Поскольку он любил жизнь, он гнобил тех, кто делал ее менее привлекательной. Возможно, он был слишком суров с монахами, которые не могли разделить его гуманистическую набожность. Должно быть, его когтями цапнул один или два адвоката, потому что он мстительно рвет их шерсть. Запомните мои слова, — предупреждает он своих читателей, — «если вы проживете еще шесть олимпиад и возраст двух собак, вы увидите этих юридических котов повелителями всей Европы». Но он обрушивает свой кнут также на судей, схоластов, теологов, историков, путешественников, торговцев индульгенциями и женщин. Во всей книге нет ни одного доброго слова о женщинах; это самое слепое пятно Рабле, возможно, цена, которую он заплатил, будучи монахом, священником и холостяком, за то, что никогда не заслужил нежности.

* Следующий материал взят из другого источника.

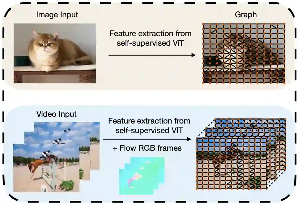 翻译:在本文中, 我们描述一个基于图形的算法, 该算法使用自监督变压器获得的特征探测图像和视频和视频中的突出对象, 并进行分解。 采用这种方法, 构成图像或视频的图像补丁被组织成一个完全连接的图形, 每对补丁的边缘被标记为使用变压器所学特征的补丁之间的类似评分。 然后, 显要对象的检测和分解被设计成一个图形切分问题, 并使用典型的普通化切换算法来解决 。 尽管这一方法简单, 它在多个通用图像和视频的检测和分解任务上取得了最先进的结果。 对于未受监督的发现对象, 这个方法在用 VOC07、 VOC12 和 CO20K 数据集进行测试时, 以6.1% 、 5.7% 和 2.6% 的差差差, 在用 ECSBISSDS、 DUDS 和 5.2 的当前数据SEV 测试时, 也用ECSD- SEVS 和 DSEVS- 的SD- SEVAL, 的 的 方法,, 和 SALUDUDSD- SUD- SUD- SD- SLA- SLS 的 的 的 的 和 的 的 和 的 也实现了 方法, 。

Партизаны спорили, был ли он католиком, протестантом, вольнодумцем или атеистом. Кальвин считал его атеистом; а «мое собственное убеждение, — заключал его любовник Анатоль Франс, — состоит в том, что он ни во что не верил».34 Временами он писал как самый непочтительный циник, как, например, на языке погонщика овец о наилучшем способе удобрения поля (IV, vii). Он высмеивал пост, индульгенции, инквизиторов, декреталии и с удовольствием объяснял анатомические требования к тому, чтобы стать папой (IV, xlviii). Он, очевидно, не верил в ад (II, xxx). Он повторял доводы протестантов о том, что папство истощает золото народов (IV, liii) и что римские кардиналы ведут жизнь обжорства и лицемерия (IV, lviii-lx). Он сочувствует французским еретикам; Пантагрюэль, по его словам, недолго оставался в Тулузе, потому что там «сжигают заживо своих регентов, как красные селедки», ссылаясь на казнь еретического профессора права (II, v). Но его протестантские симпатии, похоже, ограничивались теми, кто был гуманистом. Он с восхищением следил за Эразмом, но лишь слегка благоволил к Лютеру и с отвращением относился к догматизму и пуританству Кальвина. Он был терпим ко всему, кроме нетерпимости. Как и почти все гуманисты, когда его ставили перед выбором, он предпочитал католицизм с его легендами, нетерпимостью и искусством протестантизму с его предопределением, нетерпимостью и чистотой. Он неоднократно подтверждал свою веру в основы христианства, но, возможно, это было благоразумием человека, который, отстаивая свои взгляды, был готов пойти исключительно на костер. Ему так понравилось его определение Бога, что он (или его продолжатель) повторил его (III, xiii; V, xlvii). Он, по-видимому, принимал бессмертие души (II, viii; IV, xxvii), но в целом предпочитал скатологию эсхатологии. Фарель назвал его отступником за то, что он принял пасторство в Мёдоне,35 Но это было воспринято и дарителем, и получателем как просто способ питания.